▶ **YOUR ASSIGNMENT**: For this exercise, repeat exactly the lines below starting at the line holding "A class 60 hauled" and ending at the line holding "在駕駛界面中,可通過左側(c", both included, with no extra lines and no pictures.

▶ **DATASET RECORDS**:
----

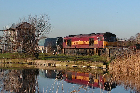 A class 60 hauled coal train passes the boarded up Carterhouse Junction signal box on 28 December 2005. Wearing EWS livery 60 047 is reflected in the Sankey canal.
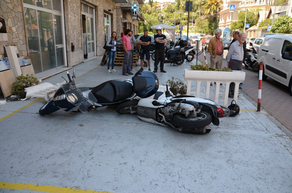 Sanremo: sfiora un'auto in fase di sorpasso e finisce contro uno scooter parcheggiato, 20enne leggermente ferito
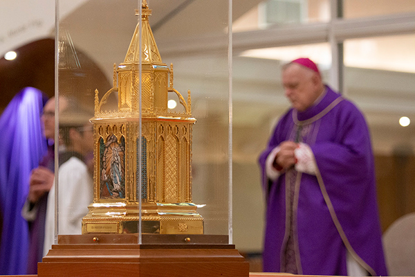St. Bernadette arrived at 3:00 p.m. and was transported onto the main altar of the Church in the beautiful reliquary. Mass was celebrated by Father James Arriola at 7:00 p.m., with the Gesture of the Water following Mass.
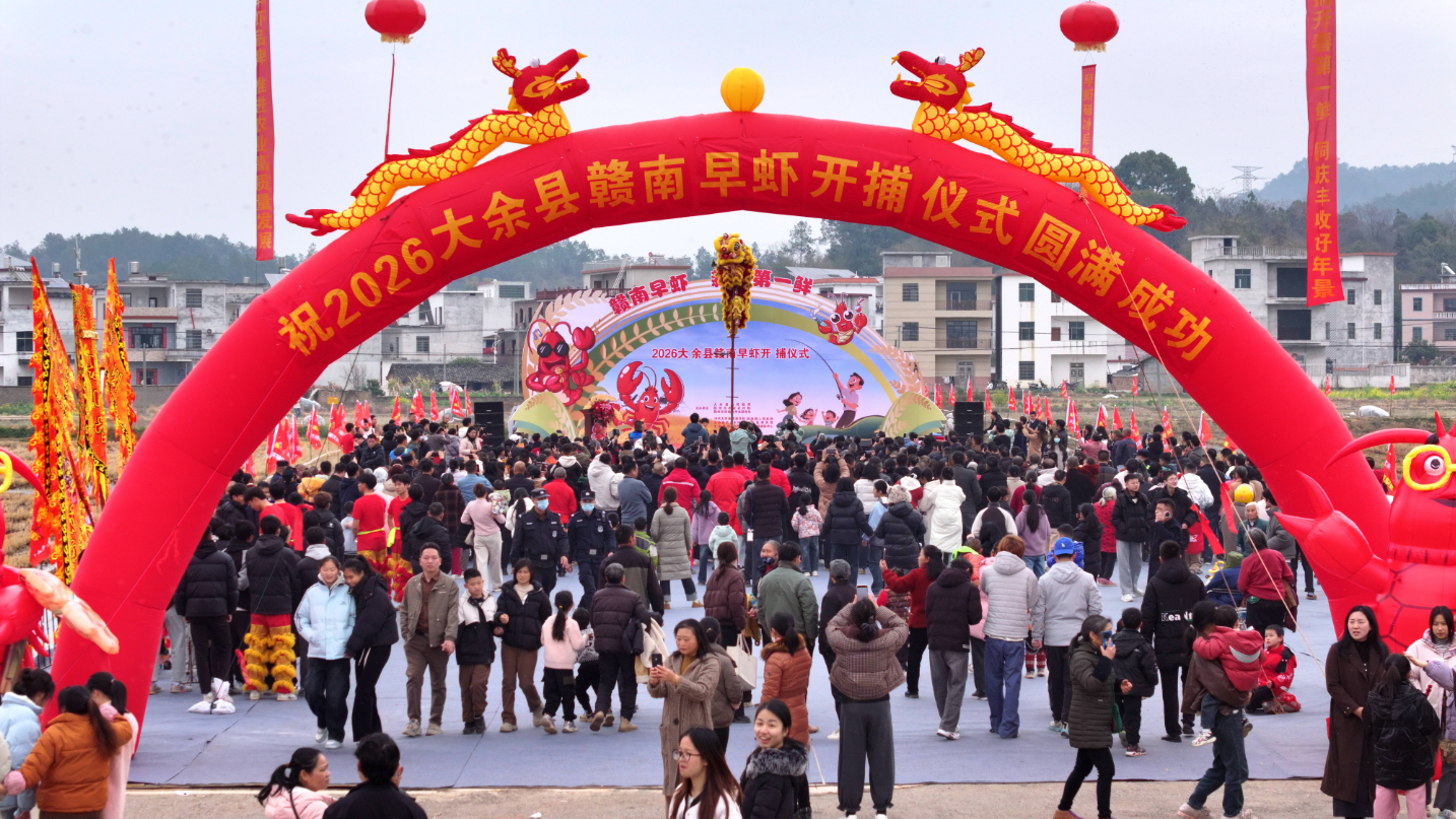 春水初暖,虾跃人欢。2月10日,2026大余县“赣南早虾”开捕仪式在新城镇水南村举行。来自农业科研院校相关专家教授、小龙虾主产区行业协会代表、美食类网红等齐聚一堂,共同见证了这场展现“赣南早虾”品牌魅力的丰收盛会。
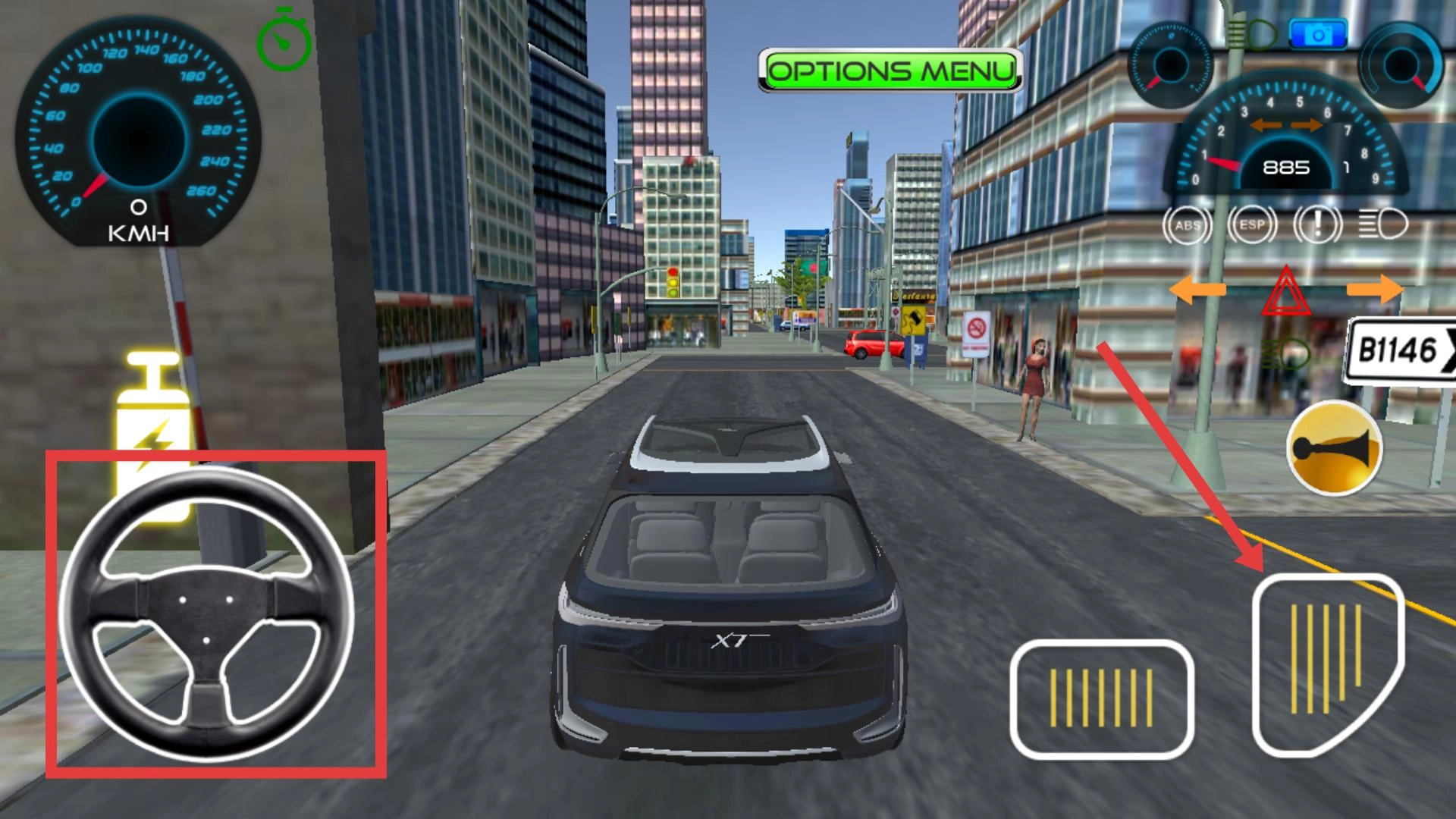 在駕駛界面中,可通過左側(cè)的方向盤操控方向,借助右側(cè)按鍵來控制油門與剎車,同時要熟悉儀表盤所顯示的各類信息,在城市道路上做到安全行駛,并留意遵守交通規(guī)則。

----

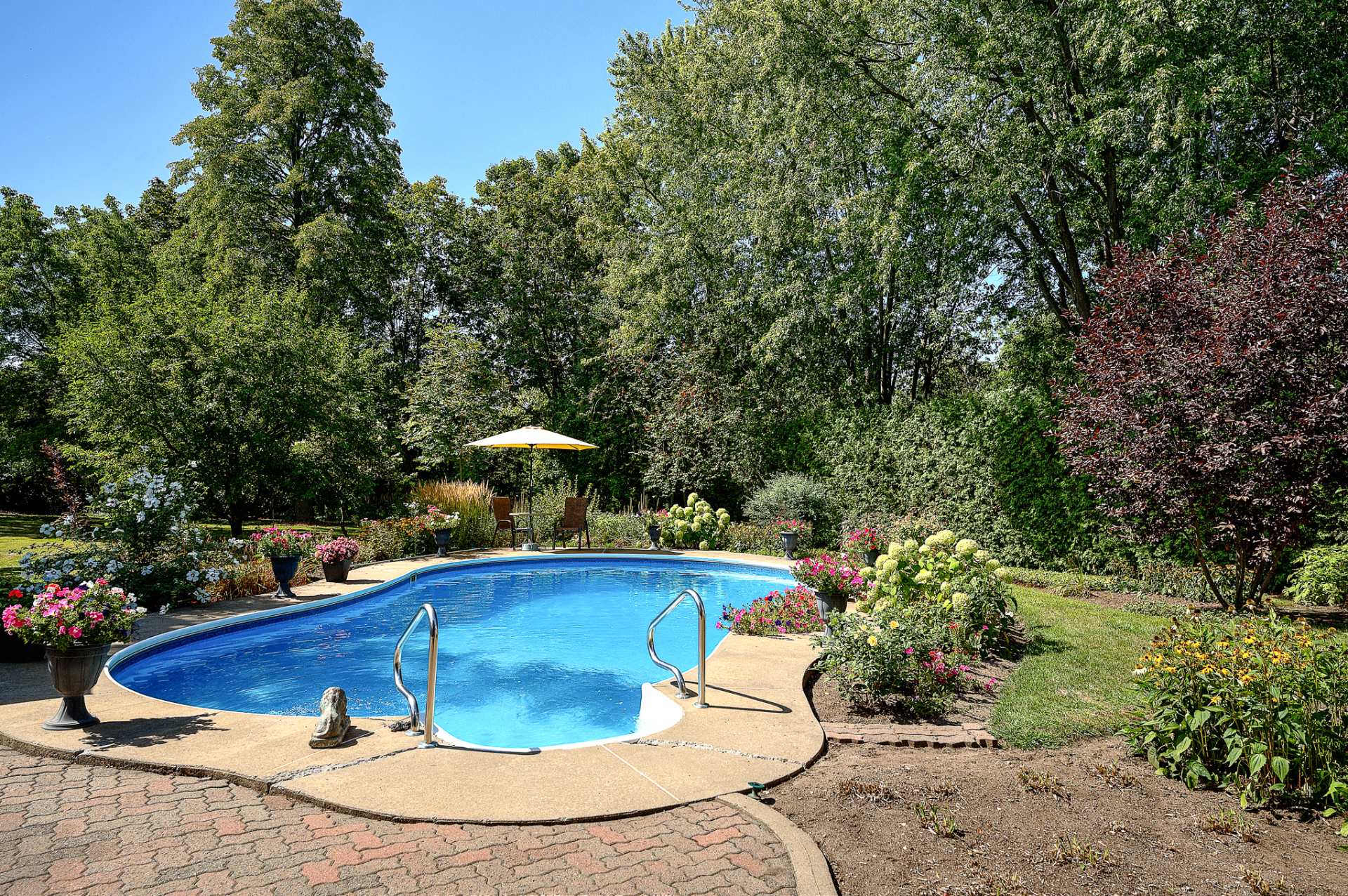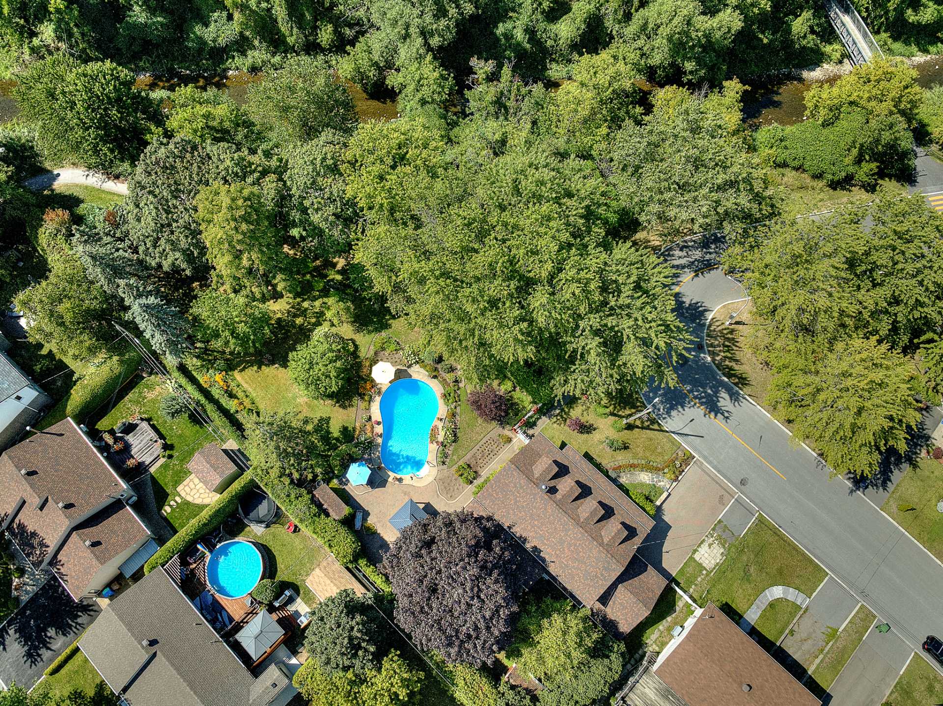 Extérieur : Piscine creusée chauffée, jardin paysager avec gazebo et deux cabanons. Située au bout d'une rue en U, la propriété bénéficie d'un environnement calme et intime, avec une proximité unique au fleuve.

----

▶ **YOUR RESPONSE**:
 A class 60 hauled coal train passes the boarded up Carterhouse Junction signal box on 28 December 2005. Wearing EWS livery 60 047 is reflected in the Sankey canal.
 Sanremo: sfiora un'auto in fase di sorpasso e finisce contro uno scooter parcheggiato, 20enne leggermente ferito
St. Bernadette arrived at 3:00 p.m. and was transported onto the main altar of the Church in the beautiful reliquary. Mass was celebrated by Father James Arriola at 7:00 p.m., with the Gesture of the Water following Mass.
 春水初暖,虾跃人欢。2月10日,2026大余县“赣南早虾”开捕仪式在新城镇水南村举行。来自农业科研院校相关专家教授、小龙虾主产区行业协会代表、美食类网红等齐聚一堂,共同见证了这场展现“赣南早虾”品牌魅力的丰收盛会。
 在駕駛界面中,可通過左側(cè)的方向盤操控方向,借助右側(cè)按鍵來控制油門與剎車,同時要熟悉儀表盤所顯示的各類信息,在城市道路上做到安全行駛,并留意遵守交通規(guī)則。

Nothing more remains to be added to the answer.